The results of SSR analyses revealed high genetic diversity within the olive germplasm in Croatia. Altogether, 126 genotypes originating from Croatian part of the Mediterranean were identified using 11 SSR loci. The major of SSR loci (nine out of 11) showed higher values of observed heterozygosity (Ho) compared to expected heterozygosity (He), as well as negative values of the inbreeding coefficient (F). These parameters indicate the existence of high genetic variability within the analyzed germplasm. The existence of high genetic variability within the germplasm is explained by the emergence and accumulation of spot mutations during the long period of the clonal reproduction of olive varieties [37,54,70,100].

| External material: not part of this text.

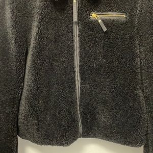 Luxurious black shearling jacket. Features gold zipper accents. Perfect for stylish warmth.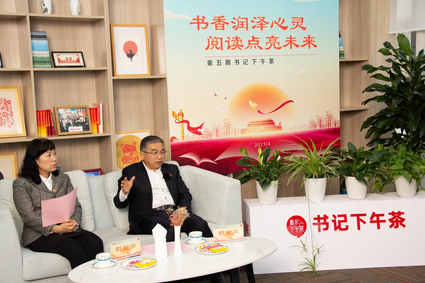 新聞網訊 4月20日下午,學校舉辦“書香潤澤心靈 閱讀點亮未來”第五期“書記下午茶”。校黨委書記胡金焱與8位不同院系不同專業的“閱讀達人”學生代表同飲下午茶,共解書中味。校黨委常委、副校長劉彩云陪同出席。

The mean value of PIC (>0.7) for the set of consensual SSR loci was high, and as such was suitable for the assessment of molecular diversity and the identification of olive genotypes [27,64]. These SSR loci proved to be enough powerful for the separation of genotypes within Croatian olive germplasm. The average number of distinguished genotypes per SSR locus was multiple times higher (NDGavg = 27) in comparison to the SSR loci applied in previous reports [54,58,59]. The cumulative probability of the identity value (PI) of these loci was very low, and this showed that SSR loci used in this study had high discriminating power in genotyping of Croatian olive genotypes, which was in accordance with previous reports [36,60,101].

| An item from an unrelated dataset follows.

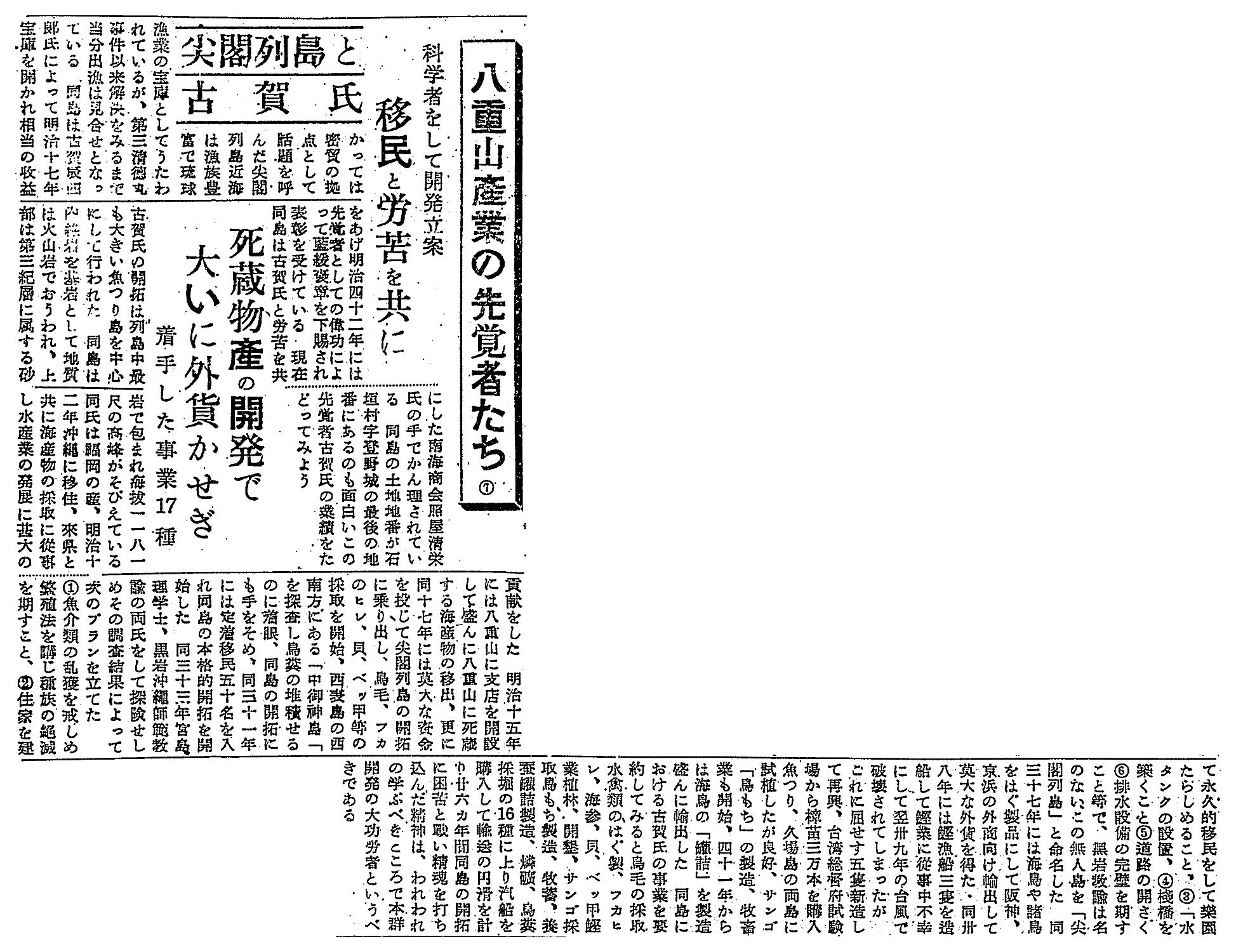 > < 八重山産業の先覚者たち⑦ >尖閣列島と古賀氏/科学者をして開発立案/移民と労苦を共に:

The grouping of the olive genotypes based on the results of the SSR analyses was not related to their geographic distribution along the Adriatic coast. Despite being grouped into three genetic subgroups according to their genetic origin, the results confirmed the high discriminatory ability of the consensus SSR markers. The high diversity of the genotypes in our research was a result of their different genetic origin and probably a lack of selection pressure.

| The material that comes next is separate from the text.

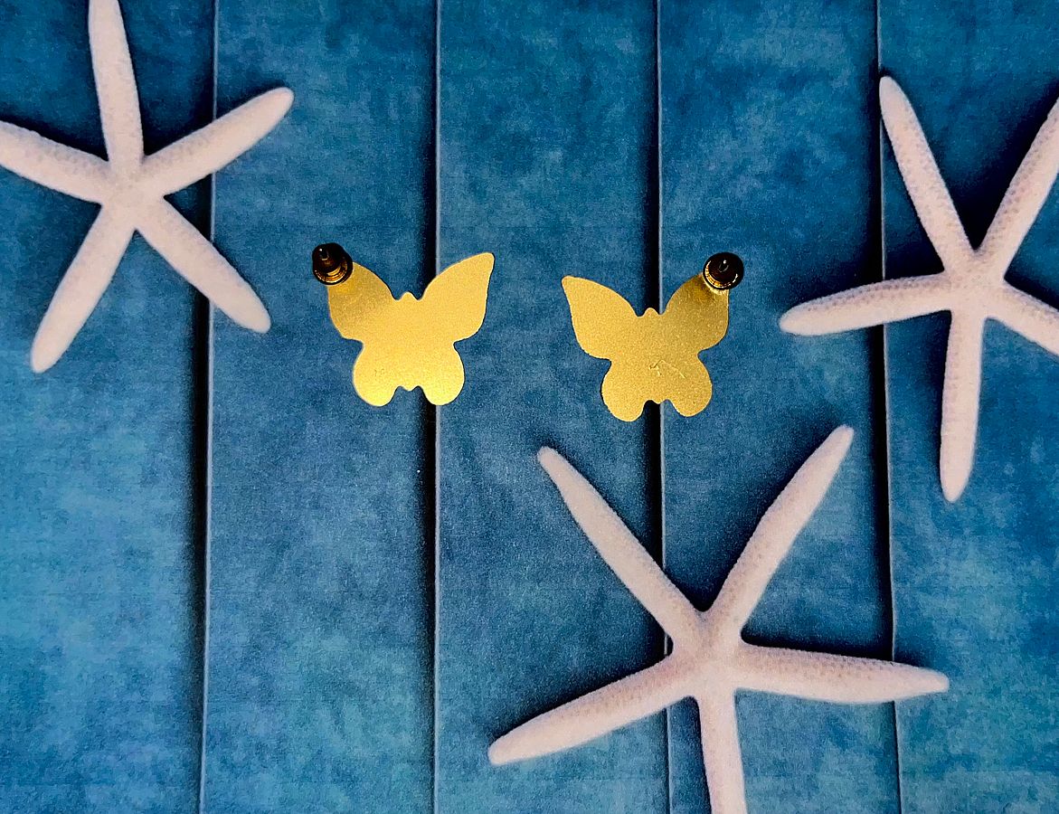 Earrings, 2pcs, Butterfly Stud Gold plated earrings Fashion Accessories Butterfly W-11xL-14mm, Satin, Nickel free NEW

Three genetic subgroups (K = 3) were determined via Bayesian clustering analysis, which was used to test the genetic structure of Croatian olive genotypes. All olive genotypes were distributed within these three genetic subgroups. Three fundamental genetic subgroups were also determined in previous studies of the olive genotypes from the whole Mediterranean [33,36,70]. These three genetic subgroups are distributed in the eastern, middle, and western Mediterranean. The presence of the three genetic subgroups was determined in middle Mediterranean [36] and the values obtained corresponded to our results for the Croatian part of the middle Mediterranean. The main reason for that was probably the possibility of the spreading of generative and vegetative propagation material within the entire Mediterranean basin [36].
In our research, consensual SSR primers proved to be a tool of choice for distinguishing variable genotypes within a variety. In that sense, the loci DCA9, UDO43, and Gapu103A were the most effective, which corresponded with the identical conclusion [70] reached on the usefulness of this subset of markers in terms of segregating variable genotypes within the same variety. Considering the variability within several olive varieties in eastern Adriatic, the loci DCA9 and Gapu103A were the most effective [77]. In our research, the intra-varietal variability was noticed in the very old and important varieties cultivated today, like ‘Oblica’, ‘Drobnica’, ‘Karbunčela’, and ‘Piculja’. The variety ‘Oblica’ is the most represented olive variety along the whole Adriatic, counting for 60% of the total olive trees in Croatia [8].
The variety ‘Drobnica’ is mostly represented in northern Dalmatia [102], but is also present in southern Dalmatia [18]. The name ‘Drobnica’ is mostly used in the northern part of Dalmatia, while the name ‘Sitnica’ is mostly used in southern part of Dalmatia [9]. This research shows that the variety ‘Drobnica’ is also represented in Istria, that ‘Karbunčela’ is mostly represented in northern Dalmatia, in the islands and in the area around Zadar, while ‘Piculja’ is mostly represented in southern Dalmatia [13]. The highest intra-varietal variability was detected for the variety ‘Drobnica’. The clones of ‘Drobnica’ differed in as much as six out of 22 alleles. This kind of variability might be explained as polyclonal variations that arise as a consequence of the vegetative propagation of different genotypes [75,77].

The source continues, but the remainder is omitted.